Juillet 36 - 11 novembre 36 - Le serment de Douaumont

A l’occasion du Rassemblement international des Anciens Combattants qui eut lieu à Verdun, en juillet 1936, des milliers de soldats alliés et ex-ennemis prononcèrent ensemble un serment de paix : le serment de Verdun, sur les lieux mêmes où s’étaient affrontés leurs courages.
Pour le 11 novembre de cette même année un carte postale magnifiait cet engagement.


 serment_de_douaumont_361111

 

 

11 novembre 1936. –
Parce que ceux qui reposent ici et ailleurs ne sont entrés dans la paix des morts que pour fonder la paix des vivants…
Et parce qu’il nous serait sacrilège d’admettre désormais ce que les morts ont détesté…
La paix, que nous devons à leur sacrifice, nous jurons de la sauvegarder et de la vouloir.
« Serment de Douaumont »

 

Jean Suberville écrivit un magnifique poème où il exaltait cette idée généreuse. Voici quelques extraits du manuscrit de Jean Suberville publiés dans l’almanach du combattant pour l’année 197, 40 ans après.

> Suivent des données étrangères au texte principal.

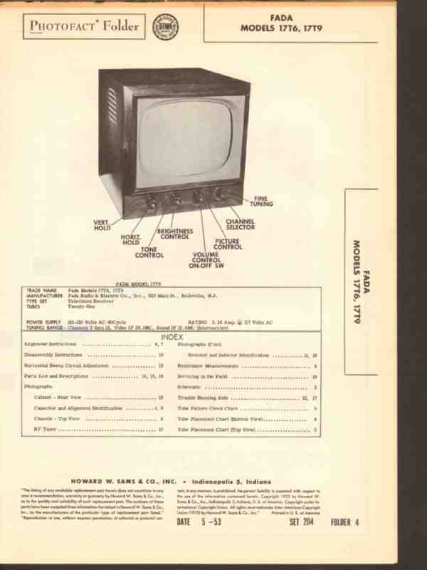 fada model 17t6 17t9 tv television receiver sams photofact manual

Nous irons à Verdun en colonne profonde,
Peuple immense poussé par le souffle d’un Dieu ;
Trois générations des quatre coins du monde
Se lèveront ainsi pour gravir le haut-lieu.

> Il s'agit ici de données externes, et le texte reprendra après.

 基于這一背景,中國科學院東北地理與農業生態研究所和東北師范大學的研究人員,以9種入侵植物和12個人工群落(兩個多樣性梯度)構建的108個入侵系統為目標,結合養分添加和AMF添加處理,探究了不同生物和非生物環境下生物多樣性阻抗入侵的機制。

Ceux qui ne viendront point délègueront leurs âmes,
Pour que nous soyons là tous ensemble à la fois ;
Et les morts à leur tour, veillant comme des flammes,
Nous attendront là-haut dans la forêt des croix.
 
Nous partirons, vieillis, mais forts et fiers encore,
Chacun, de son pays, du seuil de sa maison,
A l’appel de son coq, au feu de son aurore,
Les yeux pleins de son rêve et de son horizon. 

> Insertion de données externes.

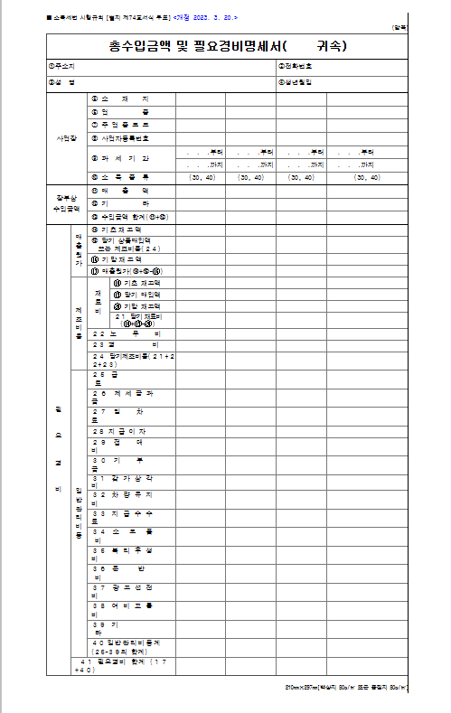 경비가 많으신 경우 간편장부를 작성하여

Les longs trains en sifflant à travers les nuits fraîches,
De Bayonne et de Metz, de Calais et d’Embrun,
Seront en même temps lancés comme des flèches
Qui toutes viseront le grand cœur de Verdun ! 

Mais au lieu d’un bûcher où s’immole la France,
Verdun ne dresse plus que son phare éternel ;
Et nous irons vers lui conduits par l’espérance,
Tels les mages suivant l’étoile de Noël ! 

Nous serons tous là, devant l’Ossuaire,
Survivants et morts, croyant au cœur pur,
Emplissant la nef de ce sanctuaire
Fait de terre sombre et de ciel obscur. 

Ces graves plateaux couverts de ténèbres,
Où l’orgue des vents chante un air mortel,
Etendront sans fin leurs tertres funèbres
Et nous serviront de table d’autel. 

Et sur cet autel nous mettrons nos haines,
Nos coups de cafard, nos amours aussi,
Nos nuits sans sommeil, nos sueurs, nos peines,
Toute notre angoisse en tenant ici. 

La montée au Front dans la boue épaisse,
Ce dur va-et-vient sans plus s’arrêter,
Double noria qui tournait sans cesse
Et versait le sang de chaque côté! 

Nous mettrons le poids des morts misérables,
Plus d’un million de crânes séchés ;
L’espoir de leurs fils, ces fleurs innombrables
Qui devaient sortir des printemps fauchés !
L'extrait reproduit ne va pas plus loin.